=== Requirement ===
There is material below. Print exactly the lines starting at the line with "Parmi les articles" and ending at the line with "4月29日,山东荣成,樱花湖", ends included, and no others.

** Input for this task follows **

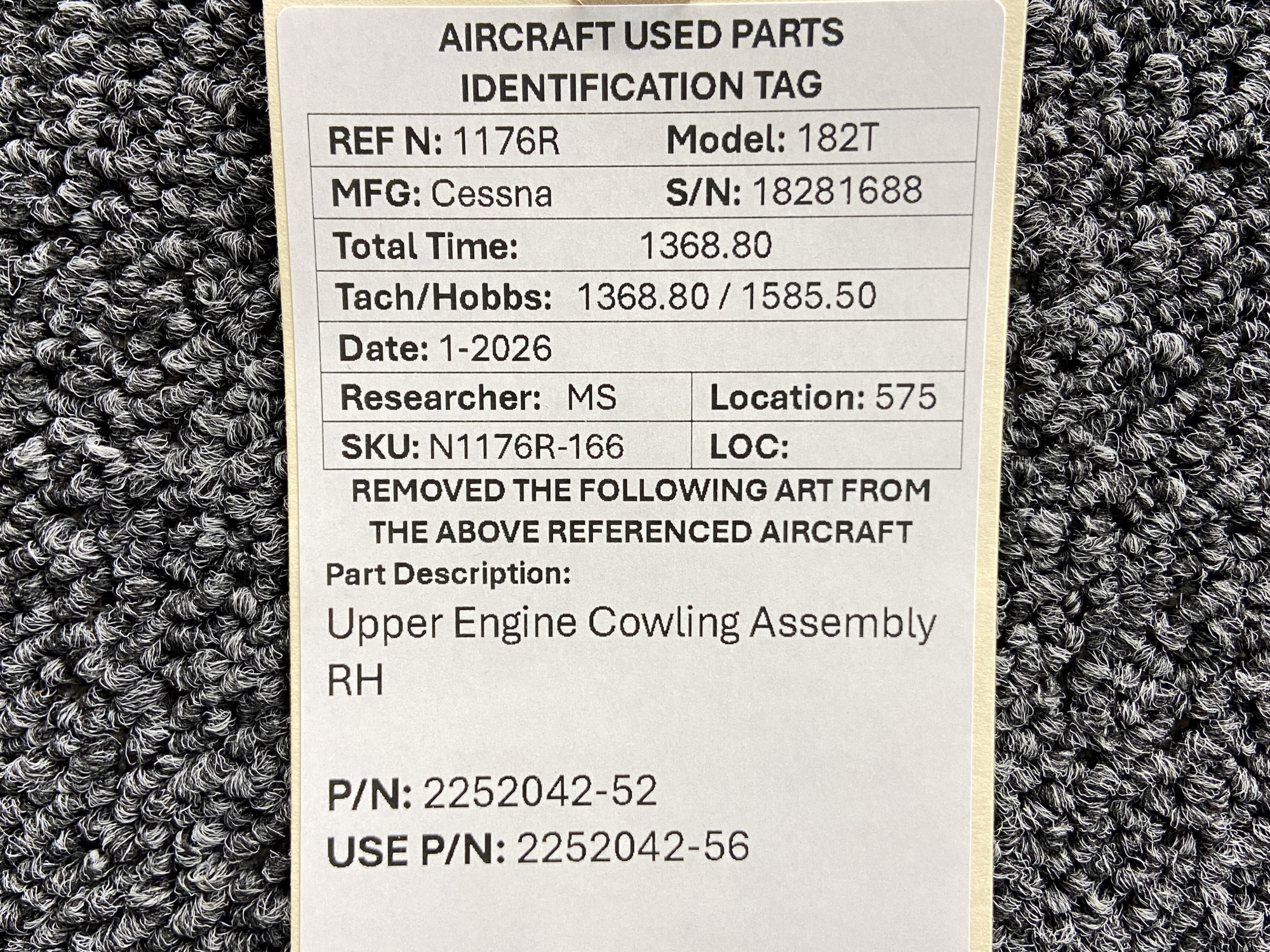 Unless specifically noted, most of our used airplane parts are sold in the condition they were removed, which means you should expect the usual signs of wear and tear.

** End of Input for this task **
** Input for this task follows **

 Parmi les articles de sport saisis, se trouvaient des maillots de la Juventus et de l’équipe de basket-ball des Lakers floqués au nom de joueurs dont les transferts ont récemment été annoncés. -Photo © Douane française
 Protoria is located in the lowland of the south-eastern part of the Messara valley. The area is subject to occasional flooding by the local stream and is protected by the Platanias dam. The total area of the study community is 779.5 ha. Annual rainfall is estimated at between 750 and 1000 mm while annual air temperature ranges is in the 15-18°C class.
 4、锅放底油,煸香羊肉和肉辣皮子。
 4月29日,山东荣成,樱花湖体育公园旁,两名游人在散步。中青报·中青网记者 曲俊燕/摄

** End of Input for this task **

=== Response to the task ===
 Parmi les articles de sport saisis, se trouvaient des maillots de la Juventus et de l’équipe de basket-ball des Lakers floqués au nom de joueurs dont les transferts ont récemment été annoncés. -Photo © Douane française
 Protoria is located in the lowland of the south-eastern part of the Messara valley. The area is subject to occasional flooding by the local stream and is protected by the Platanias dam. The total area of the study community is 779.5 ha. Annual rainfall is estimated at between 750 and 1000 mm while annual air temperature ranges is in the 15-18°C class.
 4、锅放底油,煸香羊肉和肉辣皮子。
 4月29日,山东荣成,樱花湖体育公园旁,两名游人在散步。中青报·中青网记者 曲俊燕/摄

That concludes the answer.